[GOAL OF THE EXERCISE]: When the line containing "بدلة نسائية مكونة" is reached, include it and end there; set down verbatim every line before it, starting at the top of the records.

[INPUT FOR THIS TASK]:
+++

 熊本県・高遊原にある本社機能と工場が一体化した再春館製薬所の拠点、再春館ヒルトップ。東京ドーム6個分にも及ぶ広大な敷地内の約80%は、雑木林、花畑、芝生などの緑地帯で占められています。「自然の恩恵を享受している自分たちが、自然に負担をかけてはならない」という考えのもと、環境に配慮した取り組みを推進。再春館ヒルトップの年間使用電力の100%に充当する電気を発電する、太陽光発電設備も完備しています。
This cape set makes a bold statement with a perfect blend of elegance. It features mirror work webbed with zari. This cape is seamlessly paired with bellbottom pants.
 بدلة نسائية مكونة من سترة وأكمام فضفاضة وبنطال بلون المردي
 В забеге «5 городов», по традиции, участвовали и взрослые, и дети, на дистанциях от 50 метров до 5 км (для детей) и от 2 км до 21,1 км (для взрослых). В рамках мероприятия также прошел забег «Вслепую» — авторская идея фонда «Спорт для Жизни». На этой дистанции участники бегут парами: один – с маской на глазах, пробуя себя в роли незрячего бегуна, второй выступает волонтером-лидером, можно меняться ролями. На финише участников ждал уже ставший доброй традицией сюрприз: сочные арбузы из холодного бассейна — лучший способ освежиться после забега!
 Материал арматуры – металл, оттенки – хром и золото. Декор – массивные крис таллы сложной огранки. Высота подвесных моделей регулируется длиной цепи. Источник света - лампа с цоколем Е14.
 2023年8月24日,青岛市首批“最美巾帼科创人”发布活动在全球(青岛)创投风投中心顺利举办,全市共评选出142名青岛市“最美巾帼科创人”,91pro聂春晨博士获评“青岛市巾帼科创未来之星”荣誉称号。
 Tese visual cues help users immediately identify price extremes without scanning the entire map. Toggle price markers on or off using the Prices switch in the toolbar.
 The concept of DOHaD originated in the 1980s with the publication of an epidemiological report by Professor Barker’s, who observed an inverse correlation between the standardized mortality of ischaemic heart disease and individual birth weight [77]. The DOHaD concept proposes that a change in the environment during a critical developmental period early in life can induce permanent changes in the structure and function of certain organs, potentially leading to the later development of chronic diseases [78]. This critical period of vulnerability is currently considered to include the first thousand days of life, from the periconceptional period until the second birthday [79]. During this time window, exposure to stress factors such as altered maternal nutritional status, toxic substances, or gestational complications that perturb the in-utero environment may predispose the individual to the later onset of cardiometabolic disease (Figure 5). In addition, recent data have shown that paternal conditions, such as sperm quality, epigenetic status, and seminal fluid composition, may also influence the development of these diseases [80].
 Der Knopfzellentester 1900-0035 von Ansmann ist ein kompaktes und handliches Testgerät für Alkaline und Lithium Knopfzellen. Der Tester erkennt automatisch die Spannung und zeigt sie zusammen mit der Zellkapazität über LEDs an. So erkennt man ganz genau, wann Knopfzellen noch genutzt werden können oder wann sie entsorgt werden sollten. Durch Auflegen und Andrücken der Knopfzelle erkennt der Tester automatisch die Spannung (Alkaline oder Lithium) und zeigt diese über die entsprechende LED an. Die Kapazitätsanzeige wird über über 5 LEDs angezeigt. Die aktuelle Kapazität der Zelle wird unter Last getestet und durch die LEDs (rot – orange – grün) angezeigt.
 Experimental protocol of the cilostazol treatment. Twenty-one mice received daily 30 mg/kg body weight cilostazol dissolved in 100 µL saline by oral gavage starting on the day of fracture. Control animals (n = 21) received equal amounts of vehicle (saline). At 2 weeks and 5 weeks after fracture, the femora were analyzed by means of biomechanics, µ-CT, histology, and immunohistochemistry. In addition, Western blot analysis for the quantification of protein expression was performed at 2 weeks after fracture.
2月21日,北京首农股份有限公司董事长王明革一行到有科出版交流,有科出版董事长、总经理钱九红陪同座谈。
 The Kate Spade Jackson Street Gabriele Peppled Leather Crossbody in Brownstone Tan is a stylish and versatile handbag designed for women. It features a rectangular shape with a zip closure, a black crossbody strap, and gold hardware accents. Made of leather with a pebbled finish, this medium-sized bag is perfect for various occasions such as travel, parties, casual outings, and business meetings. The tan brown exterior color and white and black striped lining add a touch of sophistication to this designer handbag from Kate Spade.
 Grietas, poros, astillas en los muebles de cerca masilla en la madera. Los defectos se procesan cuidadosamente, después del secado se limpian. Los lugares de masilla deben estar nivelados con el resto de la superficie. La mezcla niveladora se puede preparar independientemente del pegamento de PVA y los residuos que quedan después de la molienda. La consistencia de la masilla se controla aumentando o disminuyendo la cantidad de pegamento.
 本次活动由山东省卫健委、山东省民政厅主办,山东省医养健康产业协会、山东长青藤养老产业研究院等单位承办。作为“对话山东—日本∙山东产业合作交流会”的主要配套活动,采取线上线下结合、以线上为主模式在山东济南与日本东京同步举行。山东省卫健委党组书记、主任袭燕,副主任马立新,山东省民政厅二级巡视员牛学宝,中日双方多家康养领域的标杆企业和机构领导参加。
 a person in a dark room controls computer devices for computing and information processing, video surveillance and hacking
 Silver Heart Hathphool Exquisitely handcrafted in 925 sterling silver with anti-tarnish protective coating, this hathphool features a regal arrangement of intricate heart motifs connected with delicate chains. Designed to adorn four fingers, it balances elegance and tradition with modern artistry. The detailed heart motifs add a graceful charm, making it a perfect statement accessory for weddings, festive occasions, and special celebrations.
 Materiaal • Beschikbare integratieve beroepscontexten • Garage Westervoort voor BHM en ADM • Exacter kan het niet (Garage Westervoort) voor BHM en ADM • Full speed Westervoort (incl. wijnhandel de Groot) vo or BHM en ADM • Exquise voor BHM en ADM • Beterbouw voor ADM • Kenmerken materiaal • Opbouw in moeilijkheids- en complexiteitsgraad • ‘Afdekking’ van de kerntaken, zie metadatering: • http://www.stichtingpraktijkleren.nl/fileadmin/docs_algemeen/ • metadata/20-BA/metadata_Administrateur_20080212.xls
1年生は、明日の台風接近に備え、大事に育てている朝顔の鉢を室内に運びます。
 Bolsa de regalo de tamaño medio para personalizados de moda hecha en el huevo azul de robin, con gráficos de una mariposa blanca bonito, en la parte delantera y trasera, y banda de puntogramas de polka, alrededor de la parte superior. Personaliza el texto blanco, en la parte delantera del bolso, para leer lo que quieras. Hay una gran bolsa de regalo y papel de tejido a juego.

+++

[SOLUTION TO THIS EXERCISE]:
 熊本県・高遊原にある本社機能と工場が一体化した再春館製薬所の拠点、再春館ヒルトップ。東京ドーム6個分にも及ぶ広大な敷地内の約80%は、雑木林、花畑、芝生などの緑地帯で占められています。「自然の恩恵を享受している自分たちが、自然に負担をかけてはならない」という考えのもと、環境に配慮した取り組みを推進。再春館ヒルトップの年間使用電力の100%に充当する電気を発電する、太陽光発電設備も完備しています。
This cape set makes a bold statement with a perfect blend of elegance. It features mirror work webbed with zari. This cape is seamlessly paired with bellbottom pants.
 بدلة نسائية مكونة من سترة وأكمام فضفاضة وبنطال بلون المردي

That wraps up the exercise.